Only in Oklahoma…and maybe Arkansas
Last week the health institution I work at went out to lunch to celebrate the completion of a grant. Where do people who work in public health go for lunch? Panera? Subway? Whole Foods? No, try Roosters. Roosters is down in Bricktown, a thriving section of downtown Oklahoma City where the minor league ball field is and various other nightclubs and bars. Roosters, as I come to understand, sells fried chicken…only fried chicken. Oh wait, I lied, it sells fried pickles and fried okra too. Now I’m not a health freak, far from it, but I think if I’m wearing my department ID (intern ID for the department prom…I’m really glad nobody seems to care how outdated it is) I should set a good example.
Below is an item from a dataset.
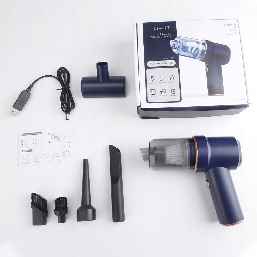 Цей портативний вакуумний очищувач не тільки смокче пил, але й дме пил. Один кінець з'єднувача аксесуарів - це ефект вакуумування, його можна використовувати як пилосос, а інший кінець - це функція, що дме, його можна використовувати як очищувач вакууму повітря. Бездротова ручка має інтелектуальний дизайн, який забезпечує ефективне очищення.

How can we expect others to be willing to live healthy lifestyles if the most recognizable health institution in the area goes out to eat at the local fried chicken joint? I don’t judge, I’m terrible too but we need to learn. I guess I just need to try and get my “coworkers” to walk the talk. If an individual is trying to tell me to join a diabetes program or participate in a wellness program and they are clearly overweight/unhealthy what kind of impact is that program going to have? You wouldn’t take financial advice from your plumber would you?